[[ Data provided, beginning ]]

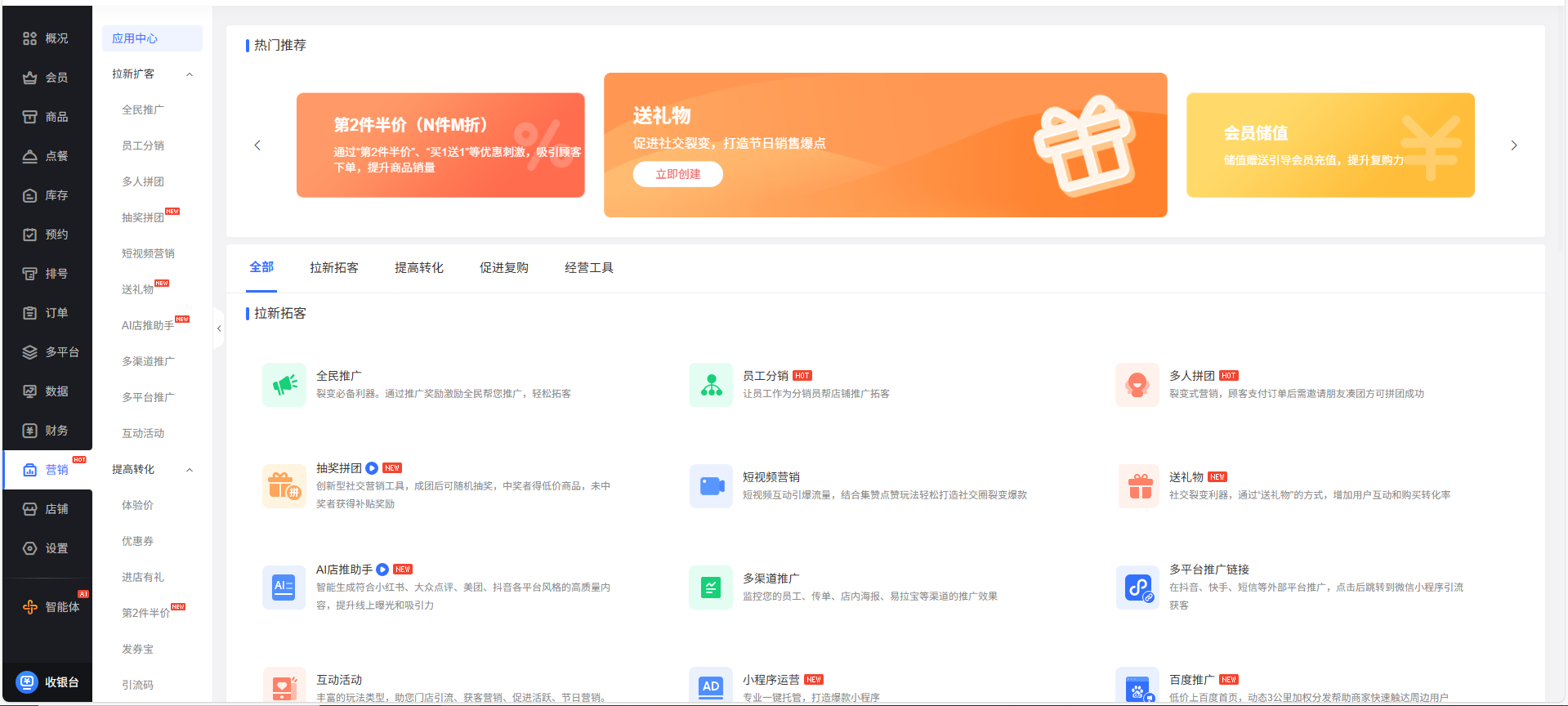如果我们想通过营销手段来给门店引流的话,这里也是可以操作的。在这里,我们可以点击“
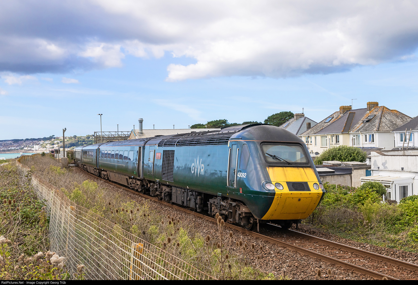 "HST125" of the "Castle Class" of the Great Western Railway is running as train 2C11 from Plymouth to Penzance, between St Erth and Penzance. Power car 43 # 093 "Berkeley Castle" (with special paint scheme "Legends of the Great Western Railway") is in front and 43 # 092 "Cromwell's Castle" in the rear. This trains were shortened to 4 intermediate cars with automatic doors and second class only for the services between Plymouth and Penzance and are based in Plymouth Laira depot. The trains, still approved for 125 mph (200 km/h), travel at a maximum of 75 mph here, but mostly in the 65 mph (105 km/h) range. The two diesel power cars of class 43 with MTU engines each have an output of 1678 kW (2250 HP).
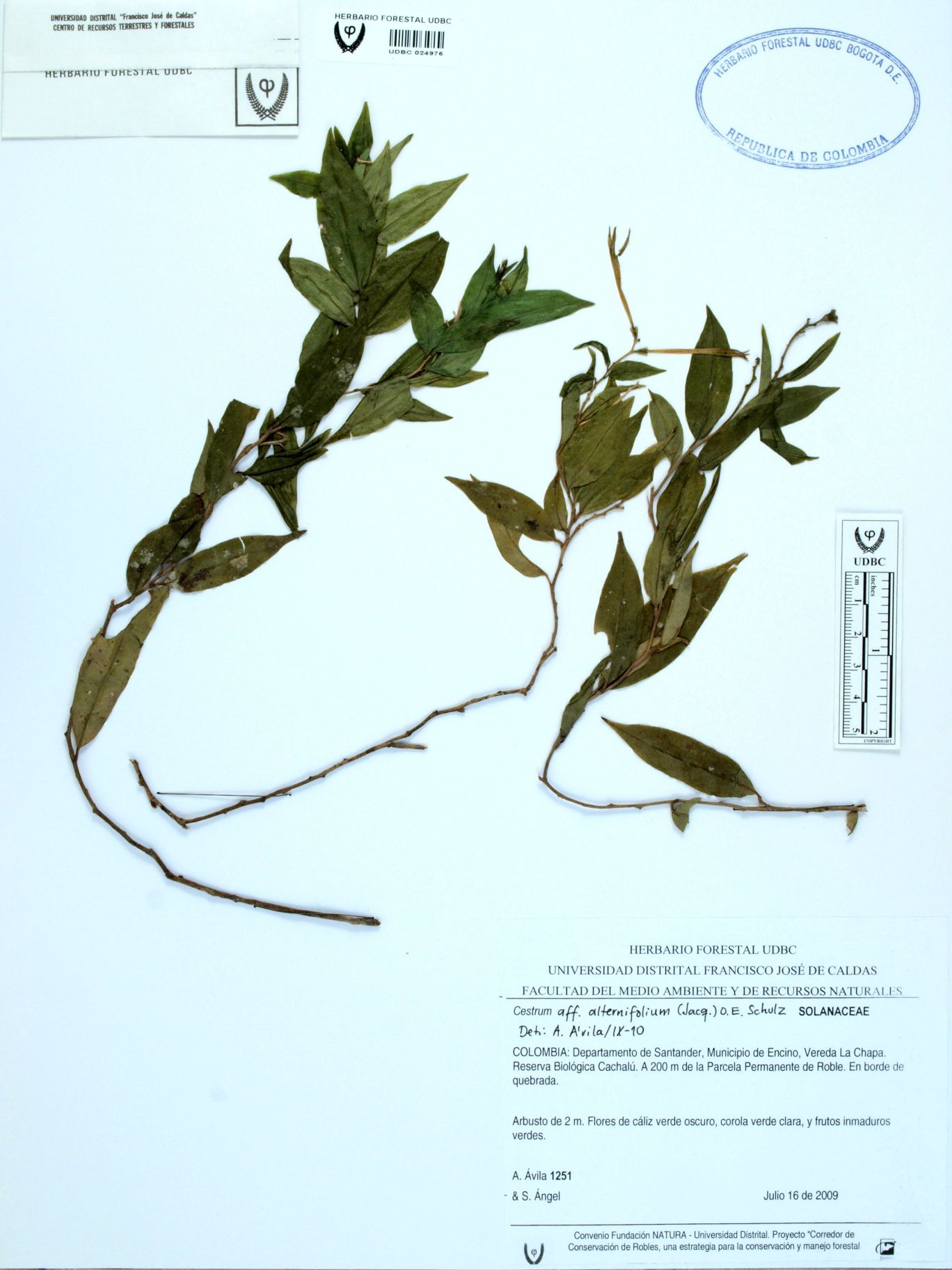Fotografía del ejemplar Ávila, F. 1251, determinado como Cestrum alternifolium en el año 2010

[[ Data provided, end ]]

What needs to be done>
Please retype the data exactly. The pictures do not go in.

Answer section>
如果我们想通过营销手段来给门店引流的话,这里也是可以操作的。在这里,我们可以点击“
 "HST125" of the "Castle Class" of the Great Western Railway is running as train 2C11 from Plymouth to Penzance, between St Erth and Penzance. Power car 43 # 093 "Berkeley Castle" (with special paint scheme "Legends of the Great Western Railway") is in front and 43 # 092 "Cromwell's Castle" in the rear. This trains were shortened to 4 intermediate cars with automatic doors and second class only for the services between Plymouth and Penzance and are based in Plymouth Laira depot. The trains, still approved for 125 mph (200 km/h), travel at a maximum of 75 mph here, but mostly in the 65 mph (105 km/h) range. The two diesel power cars of class 43 with MTU engines each have an output of 1678 kW (2250 HP).
Fotografía del ejemplar Ávila, F. 1251, determinado como Cestrum alternifolium en el año 2010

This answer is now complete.